* _What you are asked to do_
Output, word for word and without pictures, the lines from the one containing "- Konstrukce boxu" through the final line of the listing below.

* _Data for processing_
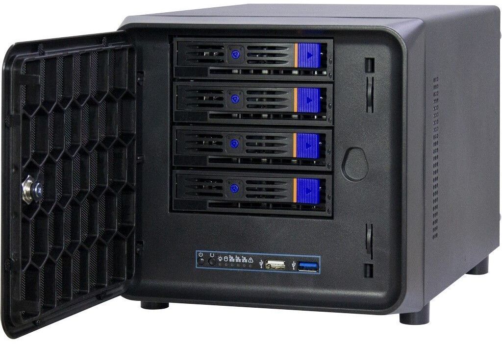 Er kan één Flex ATX- of 1U-servervoeding worden gemonteerd. De slotopening is geschikt voor de montage van een korte platte grafische kaart. Er kan ook één 2,5" harde schijf of één SSD worden gemonteerd. Eén afsluitbare deur maakt dit totaalpakket compleet.
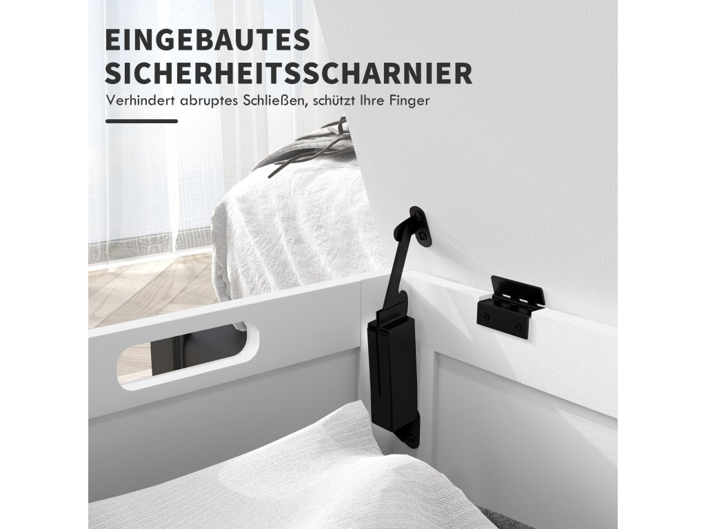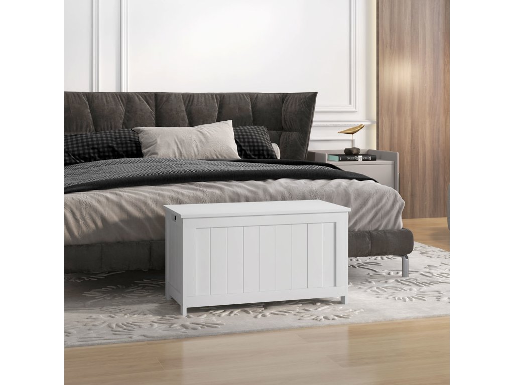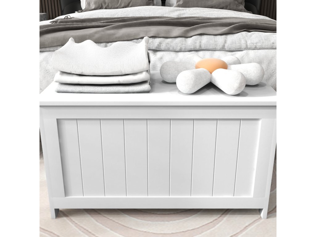 - Konstrukce boxu s víkem z bíle lakovaných MDF desek pro větší robustnost
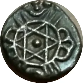 Sudarsana chakra: a six-pointed star encircled by dots.
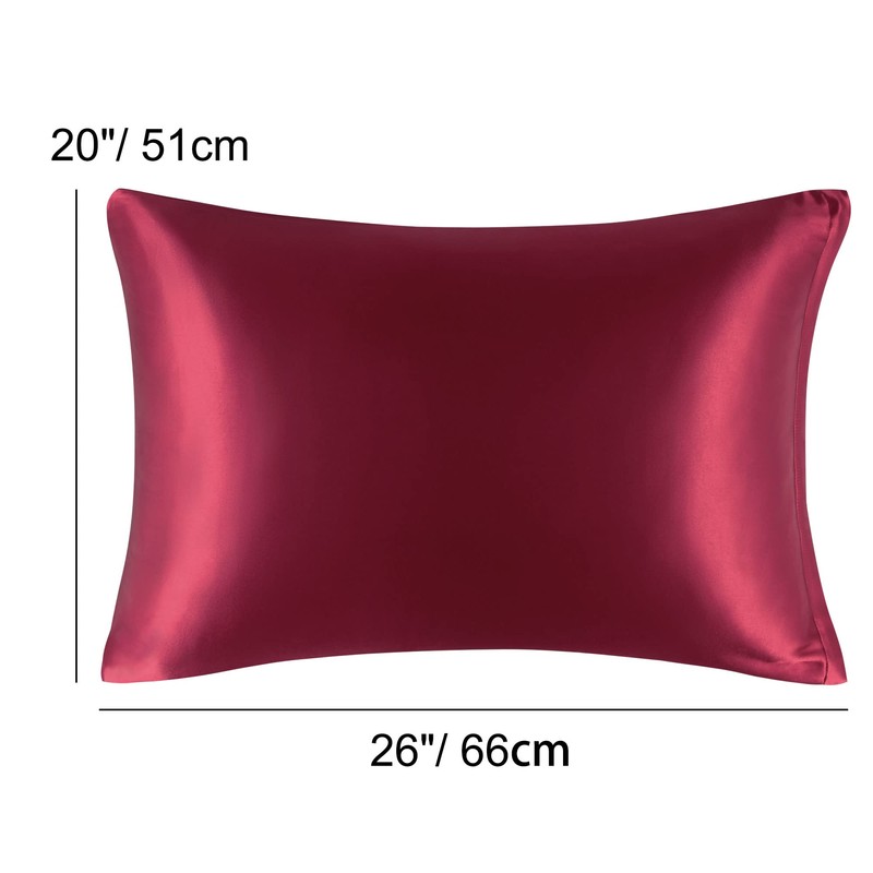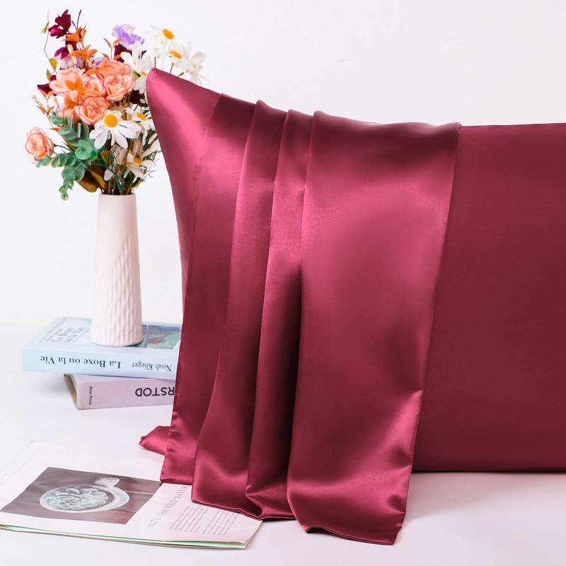 PiccoCasa Satin Pillow Cases 2 Pack, Satin Silk Pillowcase for Hair and Skin with Zipper Closure Soft Pillow Cases Cover Set Burgundy 50 x 65cm
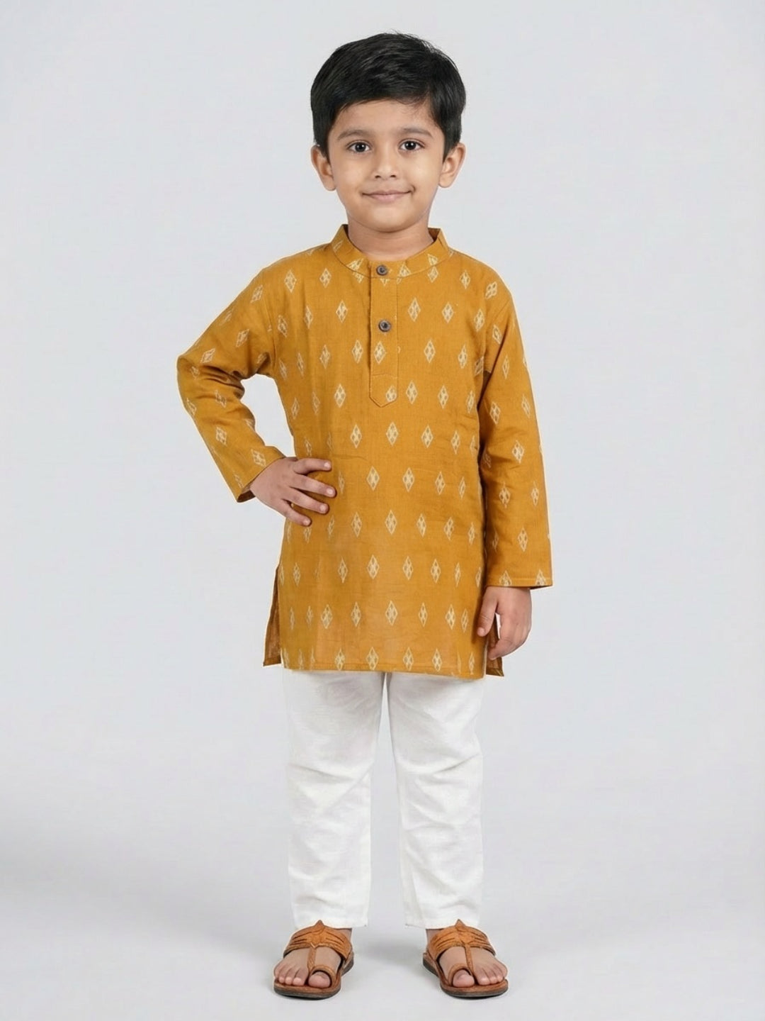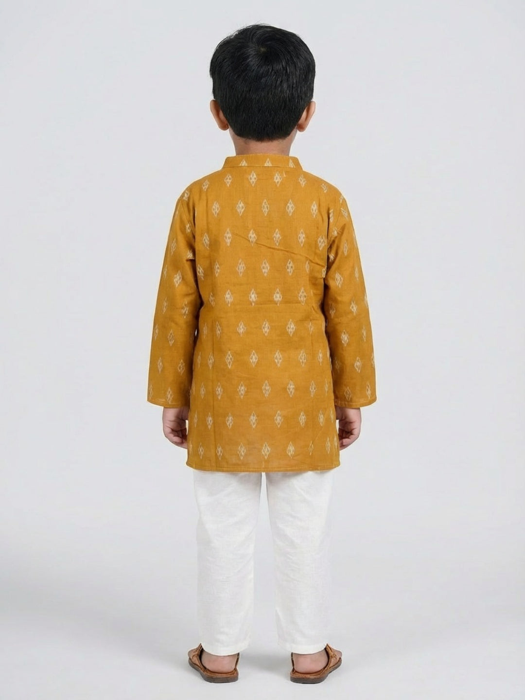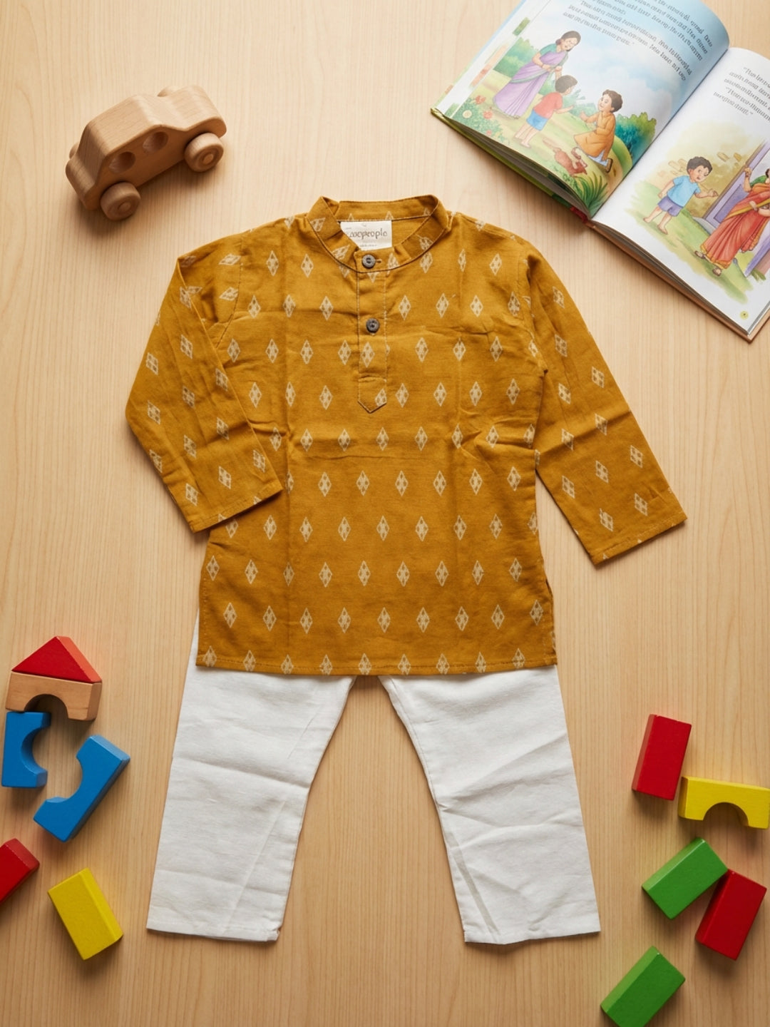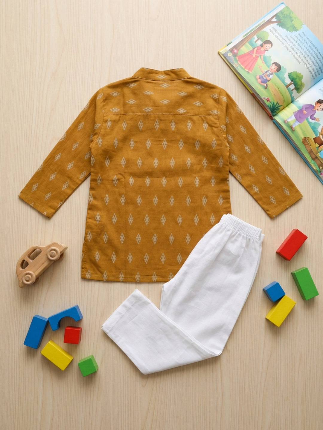 बिग्लिलपीपल लड़कों का मस्टर्ड येलो जियोमेट्रिक प्रिंट मैंडरिन कॉलर फुल स्लीव्स स्ट्रेट कुर्ता पायजामा सेट

* _Answer box_
 - Konstrukce boxu s víkem z bíle lakovaných MDF desek pro větší robustnost
 Sudarsana chakra: a six-pointed star encircled by dots.
 PiccoCasa Satin Pillow Cases 2 Pack, Satin Silk Pillowcase for Hair and Skin with Zipper Closure Soft Pillow Cases Cover Set Burgundy 50 x 65cm
 बिग्लिलपीपल लड़कों का मस्टर्ड येलो जियोमेट्रिक प्रिंट मैंडरिन कॉलर फुल स्लीव्स स्ट्रेट कुर्ता पायजामा सेट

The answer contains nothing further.